After the release, they collapsed together, gently kissing. Zeke stroked Eli's hair as he curled up, exhausted, on his grave. Eli faded back into the earth. Zeke stood and looked down at the grave as his form shrunk back into that of an old man, touching his hand where the purple fabric had been. He looked at me and smiled a wry, sad smile. An acknowledgment that they had just shared with me what had never been shared with anyone in life. He leaned against his headstone, elbow resting in the worn swoop of the top of the headstone, settling into a position that I could tell he had been in many times before. He, too, began to fade, first to silver and then simply to nothingness - never taking his eyes off of the earth Eli had sunken into.
I returned to the headstones the next night and the night after and every night for the next two weeks, but Zeke and Eli never joined me -- never got to see each other again. I tried reading stories -- both Poe and others -- to see if my voice could re-evoke them, but it was all for naught.

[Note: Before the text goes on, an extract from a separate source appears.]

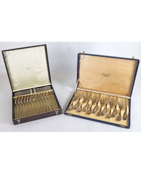 Servizio di posate in argento 800 composto da sei forchette, sei cucchiai, sei coltelli e sei forchette e sei coltelli medi. Peso tot. esclusi coltelli gr. 1280

Legends claim that the veil between life and death is thinnest on All Hallows' Eve, and doors are opened for the spirits to re enter our world. Perhaps they had taken advantage of Samhain's blessings -- perhaps it was all just my imagination running wild -- but as November came and went, it seemed that Eli and Zeke still lay at rest each night, alone.
For several days after Halloween, I had a chill deep within me. I know not what they took from me that evening. But I would gladly pay that unknown price again to allow Eli and Zeke another evening together. Maybe next Halloween the two lovers will once again have a moonlight rendezvous.